DATA FOR THE TASK:
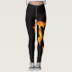 Girl silhouettes in front of heart shaped flames printed on black leggings,
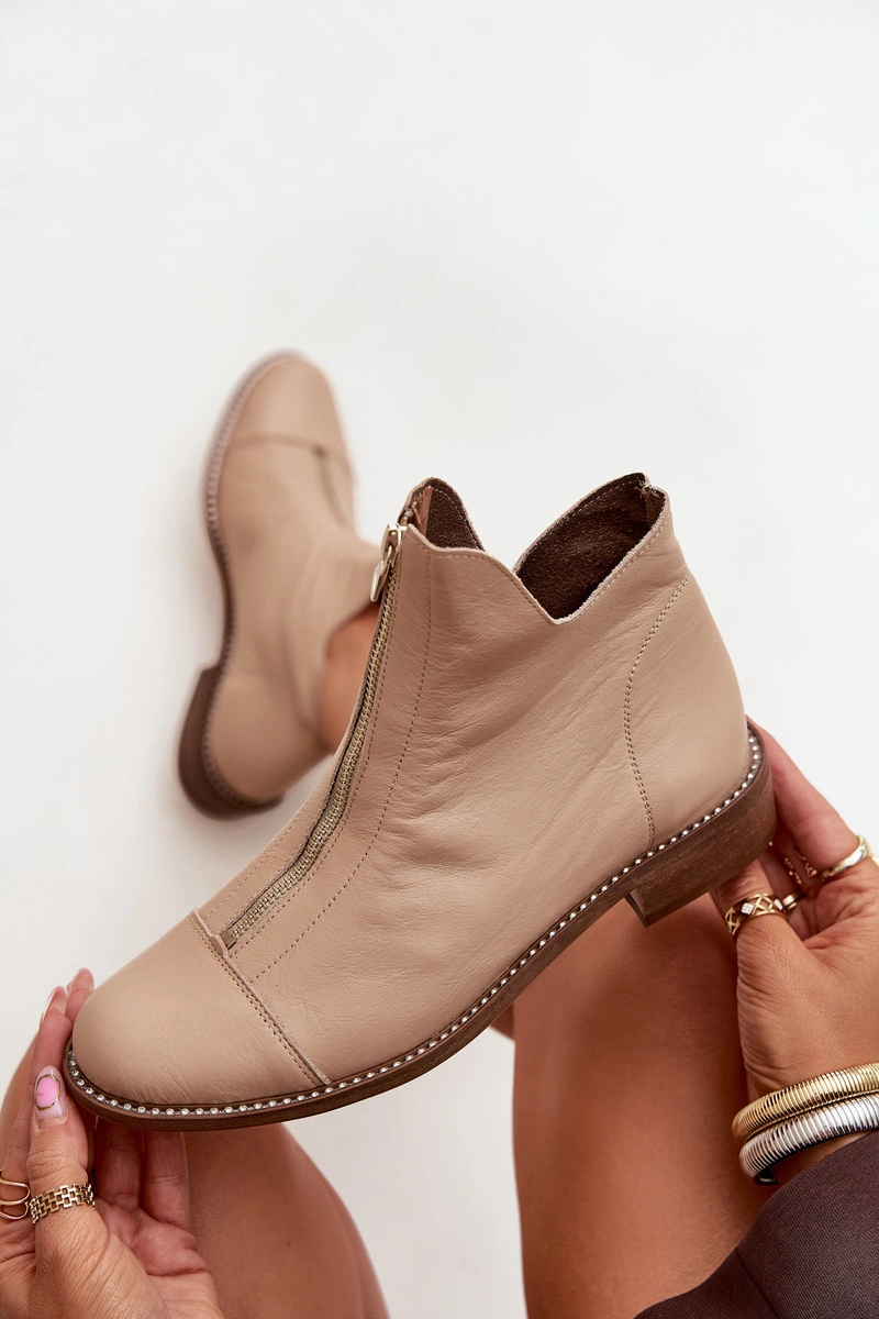 Skórzane Botki Na Suwak Zazoo 2785/079 Beżowe
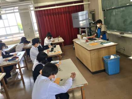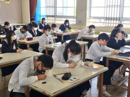 2年生は、美術の授業で、クロード・モネの絵画について学習しています。生徒にとっては、名画の美しさをじっくりと鑑賞する機会になっているようです。
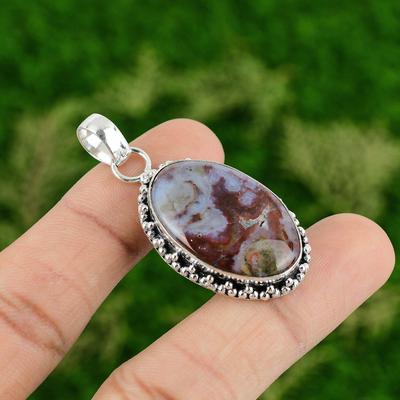 925 Silver Oval Red Brecciated Mookaite Stone Wife Bezel Wedding Pendant Jewelry
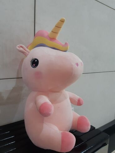 Oyuncaq unicorn – yumşaq plyuş 5 azn - Rəng: açıq çəhrayı bədən, göy qurşağı rəngli yalı və quyruğu - Material: yumşaq plyuş, toxunması rahat - Dizayn: parıltılı çəhrayı dırnaqlar və oturacaq hiss...

ACTIVITY: Only an exact, picture-free copy of the entries counts as the answer.

SOLUTION TO THE EXERCISE:
 Girl silhouettes in front of heart shaped flames printed on black leggings,
 Skórzane Botki Na Suwak Zazoo 2785/079 Beżowe
 2年生は、美術の授業で、クロード・モネの絵画について学習しています。生徒にとっては、名画の美しさをじっくりと鑑賞する機会になっているようです。
 925 Silver Oval Red Brecciated Mookaite Stone Wife Bezel Wedding Pendant Jewelry
 Oyuncaq unicorn – yumşaq plyuş 5 azn - Rəng: açıq çəhrayı bədən, göy qurşağı rəngli yalı və quyruğu - Material: yumşaq plyuş, toxunması rahat - Dizayn: parıltılı çəhrayı dırnaqlar və oturacaq hiss...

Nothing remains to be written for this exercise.